Attentional capacity limits in face processing : Interference and repetition priming from irrelevant faces

This thesis investigated the processing of spatially unattended, that is, “ignored” faces. It has been a matter of considerable debate over the last decades in the field of selective attention, whether ignored information is excluded, or “filtered” from further analysis, or whether it can be partly or even entirely processed. Conflicting evidence regarding the stage of the putative filter process (early vs. late filter account) were recently integrated into a capacity account of selective attention, the “Perceptual Load Theory”. According to this theory, irrelevant information is mandatorily processed as long as relevant information does not completely exhaust all available capacity. Recent studies have suggested that faces might be an exception to this account, and may even be processed automatically.

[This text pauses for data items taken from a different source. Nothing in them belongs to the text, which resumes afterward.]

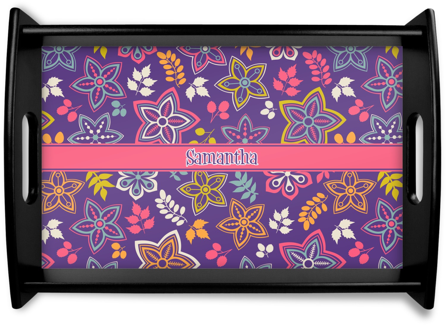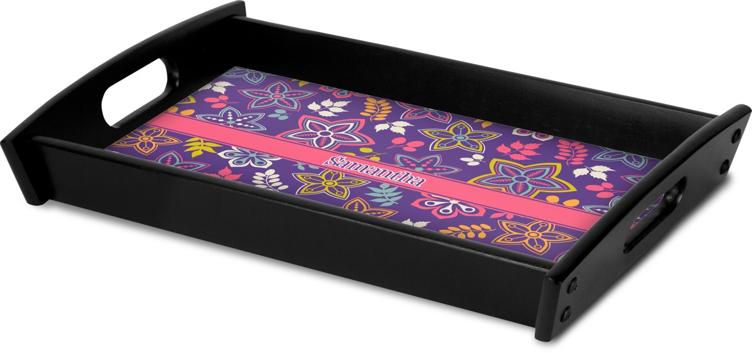 This serving tray with handles features square edges and two rounded sides, creating a very modern look. Each side is fabricated from a beautifully cut, natural wood. The bottom of the interior of the tray displays your customized design in bright, vibrant color. The tray is sold in both a black color and a natural wood look. Each variation of the wood serving tray has two sizes: Small, which is 14" x 10" x 2.25", and Large, which is 19.5" x 13.5" x 2.75".
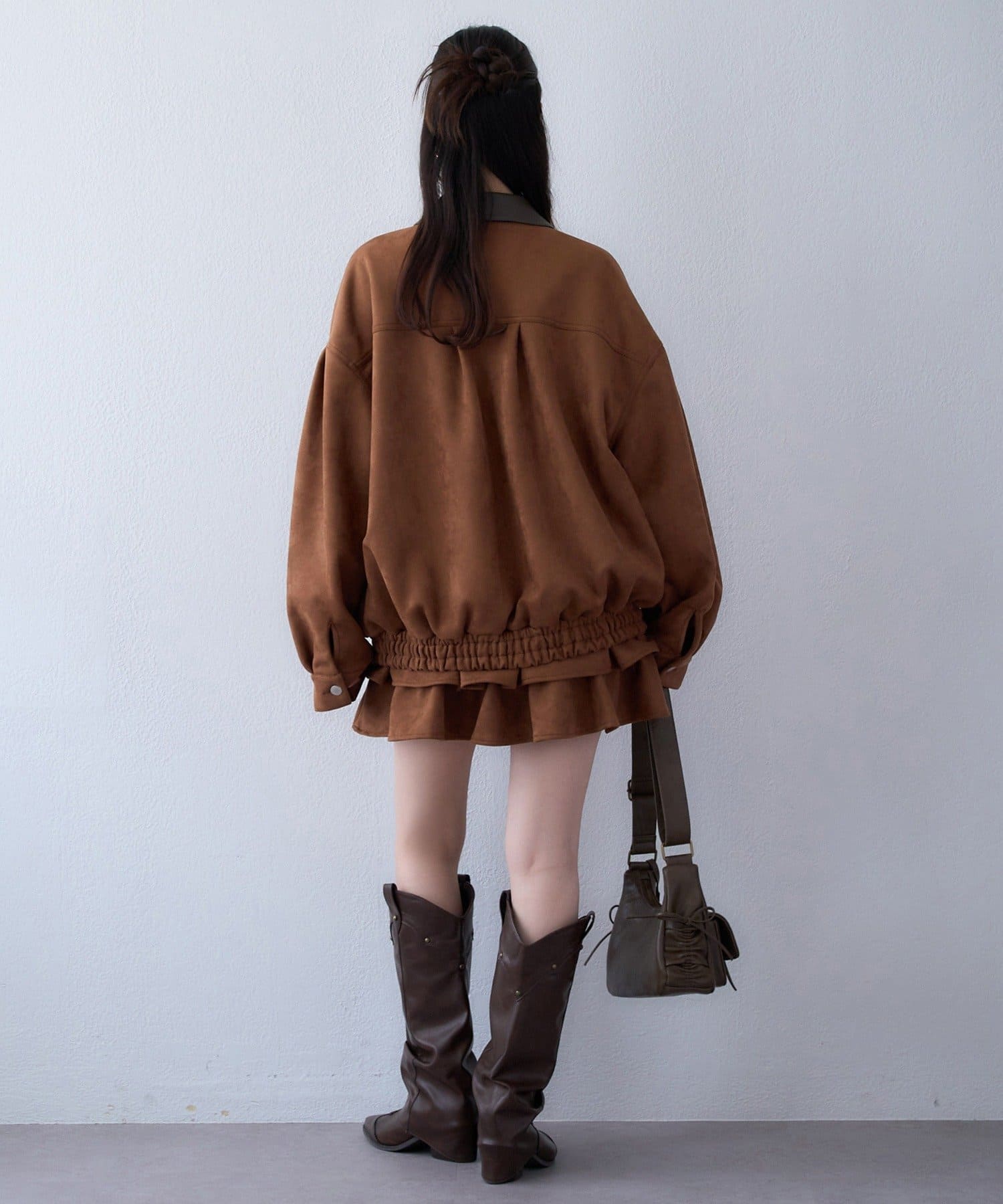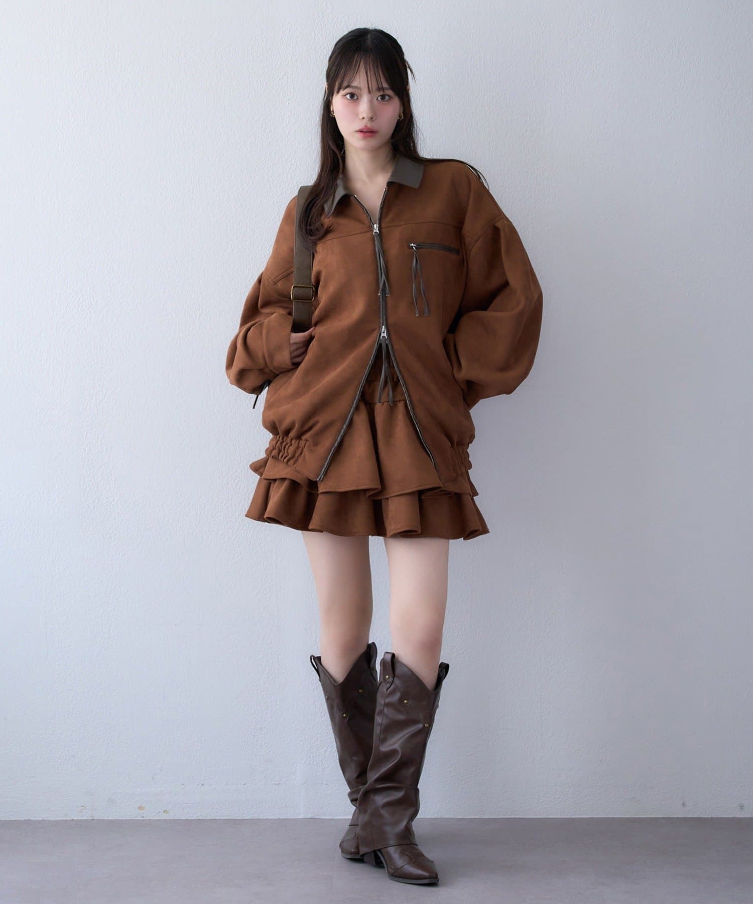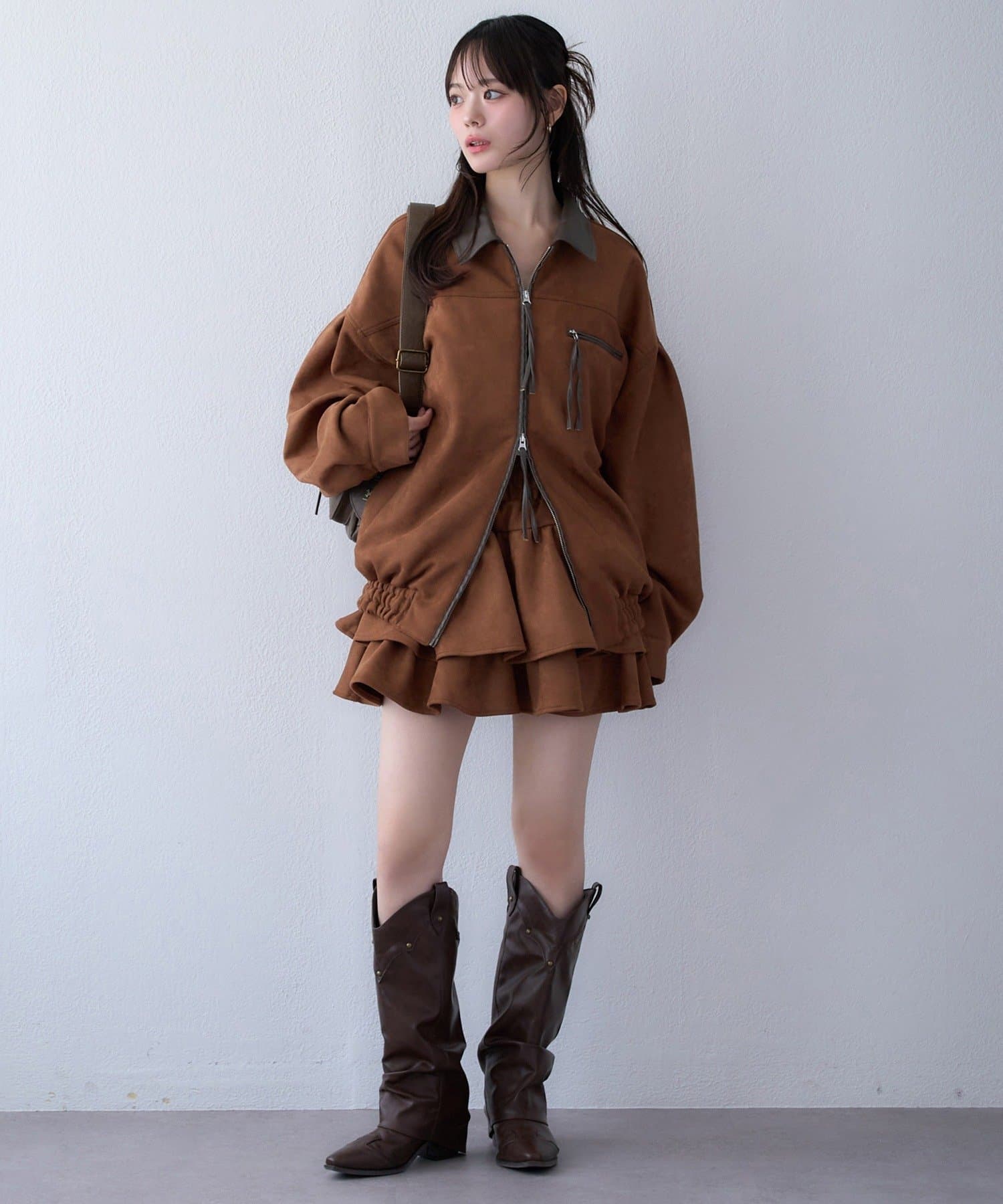 同色でお作りしているミニスカート(品番:0152070040)とセットで着るのがおすすめ。
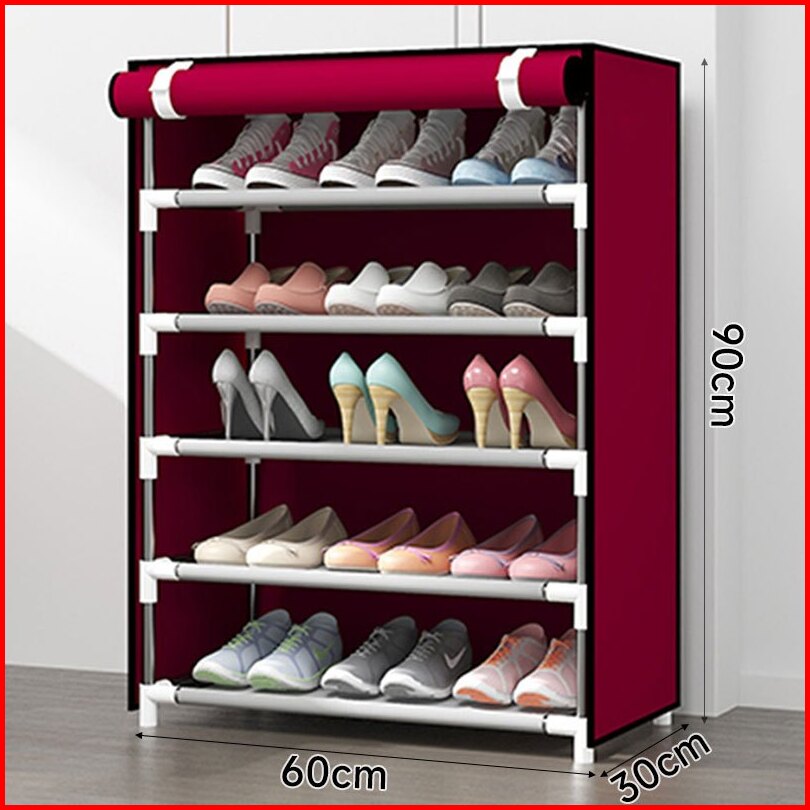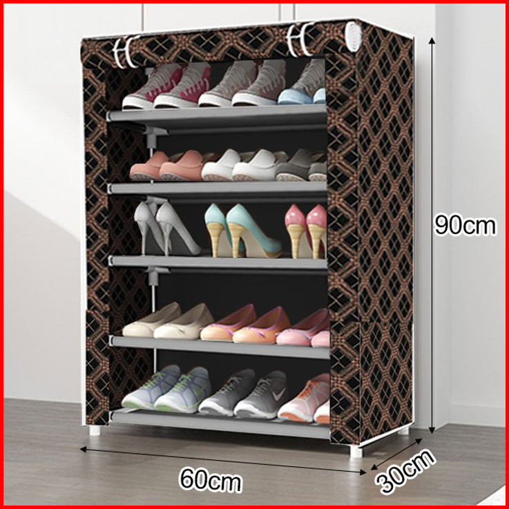 Okasumi Rak Sepatu Kain 5 Susun Portable Multifungsi Tahan Debu Menghemat Ruang Shoe Rack Rumah Tangga Sederhana
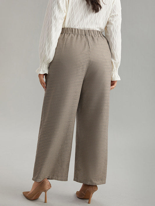 Gingham Plicated Detail Elastic Waist Pants
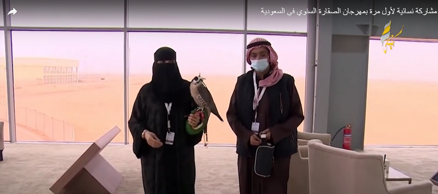 بالفيديو|| مشاركة نسائية لأول مرة بمهرجان الصقارة السنوي في السعودية
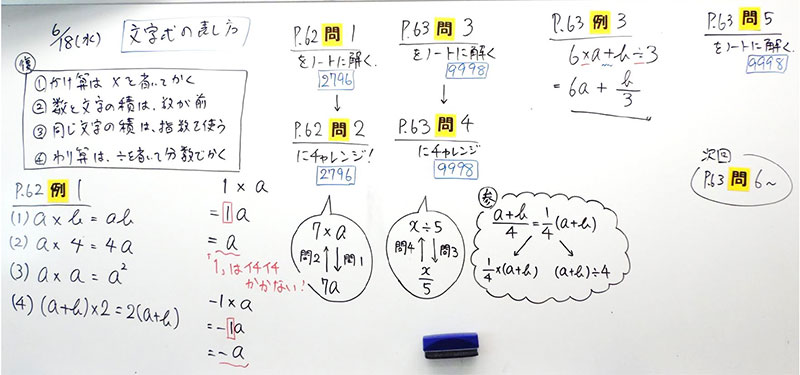 本実践では,文字式の表し方のルール「①かけ算は×を省いてかく,②数と文字の積は数が前,③同じ文字の積は指数を使う,④わり算は÷を省いて分数でかく」を前時で学習したため,その練習のため教科書の問いを用いた学習を行った。この授業では,×や÷を使って表された式からルールを適用した式をかく「問1」と「問3」をメインとして取り上げた。この2つの問いが自力で解けた生徒は,ルールに従って表された式から×や÷を用いた式をかく「問2」や「問4」に取り組むという流れで行った。本実践を行ったクラスの生徒の実態として,上位の生徒は比較的自力でこれらの問いに取り組むことができるが,下位の生徒は文字が複数出てきたり,負の符号が出てきたりすると途端にわからなくなってしまうことがある。そのため,自らのペースで学習できる生徒には,「教科書62ページの問1と63ページの問3をノートに解き,デジタル教科書で答え合わせをしよう。それが終わったら,問2と問4をノートに解き,デジタル教科書で答え合わせをしよう。」と指示を出し,図5のように板書で示した。一方,自力で解くことが難しい生徒には,筆者と特別支援教育支援員(以下,支援員)が個別にフォローに入り,一緒に解いたりヒントを提示したりしながら,問1と問3に取り組ませた。
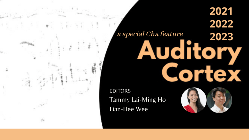 In the April 2018 issue of Cha, we ran the first Auditory Cortex competition, co-judged by Lian-Hee Wee and Cha‘s editor Tammy Lai-Ming Ho. Lian-Hee described the competition: ‘We received more than 230 entries, some from as far as the Americas and Europe, reached by diasporic lives that are a part of so much of Asian, and certainly of all human, history. The varied lives and scopes of the poets presented an amazing landscape that strengthens our convictions for the value of the physical acoustic manifestation of the poet’s inner voice.’ [Click HERE to read the rest of Lian-Hee’s article.] In the June/July 2019 issue of the journal, we published, for the first time, the Auditory Cortex special feature, co-edited by Lian-Hee and Tammy. We hope to publish an Auditory Cortex special feature in Cha yearly or biannually.

For example, there is considerable evidence for the idea that faces might capture attention to a greater extent than other stimulus classes. Similarly, recent studies demonstrated that task-irrelevant faces, but not task-irrelevant non-faces, may affect processing of task-relevant information under conditions of high perceptual load. However, new studies have reported face processing as being capacity limited, in that only one face can be processed at a time. This finding strongly argues against an “automaticity” account of face processing. The current thesis examined long-term and immediate repetition effects from – presumably – unattended faces. The use of event-related brain potentials allowed a more detailed insight into the neural processes underlying face processing in the near absence of general attention resources. One main aspect of this thesis was to show that face processing is by no means unlimited, i.e. “automatic”. Rather, the experiments presented here provide the first neural evidence for a separate attention module with limited capacity, which is well-suited to, or specific for, the processing of faces.